In more detail, the 64-bit native calling sequence has the following characteristics. Square brackets are used to indicate different 32-bit ABI conventions.

  • All stack regions are quadword-aligned. (The 32-bit ABI specifies only doubleword alignment.)

  • Up to eight integer registers ($4 .. $11 ) may be used to pass integer arguments. [The 32-bit ABI uses only the four registers $4 .. $7.]

  • Up to eight floating point registers ( $f12 .. $f19 ) may be used to pass floating point arguments. [The 32-bit ABI uses only the four registers $f12 .. $f15, with the odd registers used only for halves of double-precision arguments.]

  • The argument registers may be viewed as an image of the initial eight doublewords of a structure containing all of the arguments, where each of the argument fields is a multiple of 64 bits in size with doubleword alignment. The integer and floating point registers are distinct images, that is, the first doubleword is passed in either $4 or $f1, depending on its type; the second in either $5 or $f1; and so on. [The 32-bit ABI associates each floating point argument with an even/odd pair of integer or floating point argument registers.]

  • Within each of the 64-bit save area slots, smaller scalar parameters are right-justified, that is, they are placed at the highest possible address (for big-endian targets). This is relevant to float parameters and to integer parameters of 32 or fewer bits. Of these, only int parameters arise in C except for prototyped cases – floats are promoted to doubles, and smaller integers are promoted to int. [This is true for the 32-bit ABI, but is relevant only to prototyped small integers since all the other types were at least register-sized.]

  • 32-bit integer (int) parameters are always sign-extended when passed in registers, whether of signed or unsigned type. [This issue does not arise in the 32-bit ABI.]

  • Quad-precision floating point parameters (C long double or Fortran REAL*16) are always 16-byte aligned. This requires that they be passed in even-odd floating point register pairs, even if doing so requires skipping a register parameter and/or a 64-bit save area slot. [The 32-bit ABI does not consider long double parameters, since they were not supported.]

  • Structs, unions, or other composite types are treated as a sequence of doublewords, and are passed in integer or floating point registers as though they were simple scalar parameters to the extent that they fit, with any excess on the stack packed according to the normal memory layout of the object. More specifically:

    • Regardless of the struct field structure, it is treated as a sequence of 64-bit chunks. If a chunk consists solely of a double float field (but not a double, which is part of a union), it is passed in a floating point register. Any other chunk is passed in an integer register.

    • A union, either as the parameter itself or as a struct parameter field, is treated as a sequence of integer doublewords for purposes of assignment to integer parameter registers.

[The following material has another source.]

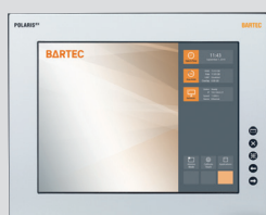
POLARIS Remote ZeroClient 15" Sunlight

No attempt is made to identify floating point components for passing in floating point registers.

    • Array fields of structs are passed like unions. Array parameters are passed by reference (unless the relevant language standard requires otherwise).

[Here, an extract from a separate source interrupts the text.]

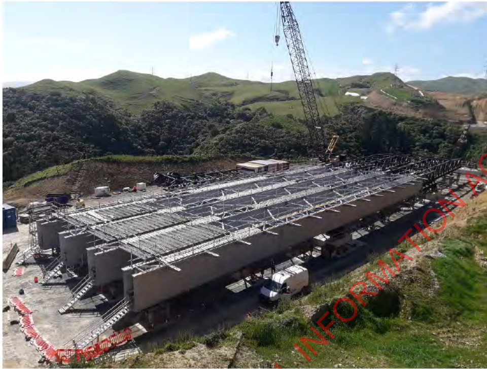
Bridge 20 – Super Structure

    • Right-justifying small scalar parameters in their save area slots notwithstanding, all struct parameters are always left-justified. This applies both to the case of a struct smaller than 64 bits, and to the final chunk of a struct which is not an integral multiple of 64 bits in size. The implication of this rule is that the address of the first chunk's save area slot is the address of the struct, and the struct is laid out in the save area memory exactly as if it were allocated normally (once any part in registers has been stored to the save area). [These rules are analogous to the 32-bit ABI treatment – only the chunk size and the ability to pass double fields in floating point registers are different.]

  • Whenever possible, floating point arguments are passed in floating point registers regardless of whether they are preceded by integer parameters. [The 32-bit ABI allows only leading floating point (FP) arguments to be passed in FP registers; those coming after integer registers must be moved to integer registers.]

  • Variable argument routines require an exception to the previous rule. Any floating point parameters in the variable part of the argument list (leading or otherwise) are passed in integer registers. There are several important cases involved:

    • If a varargs prototype (or the actual definition of the callee) is available to the caller, it places floating point parameters directly in the integer register required, and there are no problems.

    • If no prototype is available to the caller for a direct call, the caller's parameter profile is provided in the object file (as are all global subprogram formal parameter profiles), and the linker (ld/rld) generates an error message if the linked entry point turns out to be a varargs routine.

      Note: If you add –TENV:varargs_prototypes=off to the compilation command line, the floating point parameters appear in both floating point registers and integer registers. This decreases the performance of not only varargs routines with floating point parameters, but also of any unprototyped routines that pass floating point parameters. The program compiles and executes correctly; however, a warning message about unprototyped varargs routines still is present.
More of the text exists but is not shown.